The UK commercial property market continues to perform well even if the huge momentum seen last year has slowed somewhat, according to the latest results of MSCI Inc.’s AREF/IPD UK Quarterly Property Fund Index.
The index shows that unlisted real estate funds were able to post a return of 2.5 per cent in the three months to March of this year, which was slightly less than the 3.8 per cent noted in the fourth quarter of 2014.
Funds in the AREF/IPD UK Quarterly Property Fund Index grew by 15.9 per cent year on year and thus continue to outperform the equities and bonds markets, which grew by 4.0 per cent and 1.8 per cent respectively during the three month period in question.
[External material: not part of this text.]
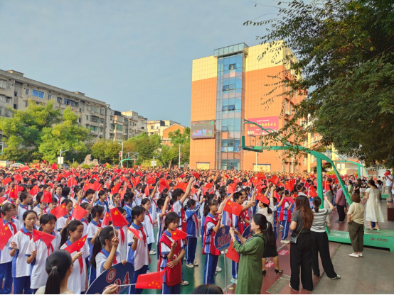 庄严的升国旗仪式上,全体肃立奏唱国歌,少先队员行队礼,该校2402班安泓铭同学发表国旗下讲话《贺祖国华诞,展少年雄心》, 2303班同学集体朗诵《我骄傲,我是中国人》,学校校长、党支部书记崔卫丰领唱,师生合唱《我和我的祖国》,高潮迭起的乐曲,激情澎湃的歌声,鼓舞人心,振奋精神,点燃了所有人的爱国热情。
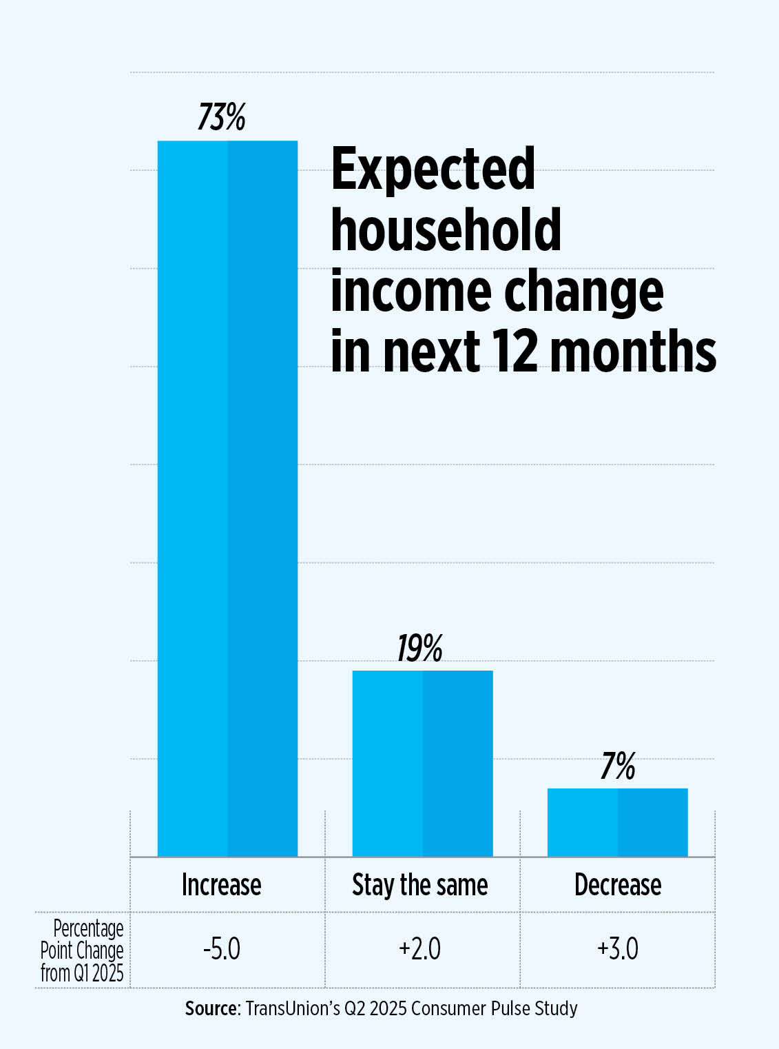 According to the TransUnion report, consumer financial health stayed mostly stable as 41% of consumers suggested a rise in their income for the past three months, while 73% of Filipino consumers expect a rise in come next year, an optimistic outlook on their financial futures.

This is below the IPD UK Monthly Property Index, which achieved a total return of 18.3 per cent in the 12 months to March 2014.
Executive director at MSCI, Phil Tily, says; “The latest results of the AREF/IPD UK Quarterly Property Index illustrates the ongoing growth within the property market, despite a slowing in performance levels from the final three months of 2014.
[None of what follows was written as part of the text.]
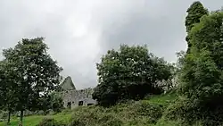 Inchiquin Castle is located just outside the town, on the north side of Lake Inchiquin. It was possibly begun by Teige-an-Chomhaid O'Brien (d. 1466). In 1542, it belonged to Turlough, son of Murrough, first Baron of Inchiquin. Murrough O'Brien, the fourth Baron, was in possession in 1580. His descendants, the Marquesses of Thomond, derived their title of Earl of Inchiquin from this estate. During the Nine Years' War, Hugh Roe O'Donnell raided Clare and Inchiquin Castle was attacked by one of his lieutenants, Maguire of Fermanagh. During the Confederate Wars Christopher O'Brien, Murrough the Burner's brother, lived here. Murrough's son, Colonel John O'Brien, abandoned Inchiquin towards the end of the 17th century. By then it had deteriorated into a ruin. Today the castle remains a ruin surrounded by pastures. Part of the older castle tower is still extant as is a good portion of the later 17th-century banquet hall.[6]
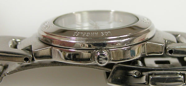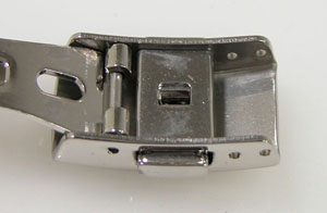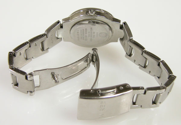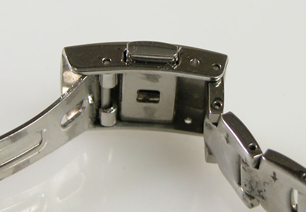 ステンレス無垢バンドに三つ折れプッシュバックル。

“A 15.9% return year-on-year continues to outperform equities and bonds markets.”
The message, then, is that investment in commercial property continues to be a desirable path for commercial property funds, given the stable nature of returns in the field and the potential for further asset growth down the line.
Although market fluctuations are to be expected, the ongoing strength of the UK’s commercial property values are hugely encouraging – allowing balanced funds to post a 2.8 per cent return in the first quarter and thereby outperform the market overall.
AREF chief executive John Cartwright concurs, saying; ““Whilst the commercial market has cooled slightly in the first quarter, it is interesting to see that the distribution yields on other balanced funds are coming in at 4% – higher than interest rates.
“Getting a better income return on property investments than cash, and with the prospect of long term income growth, still supports the case for property as an asset class.”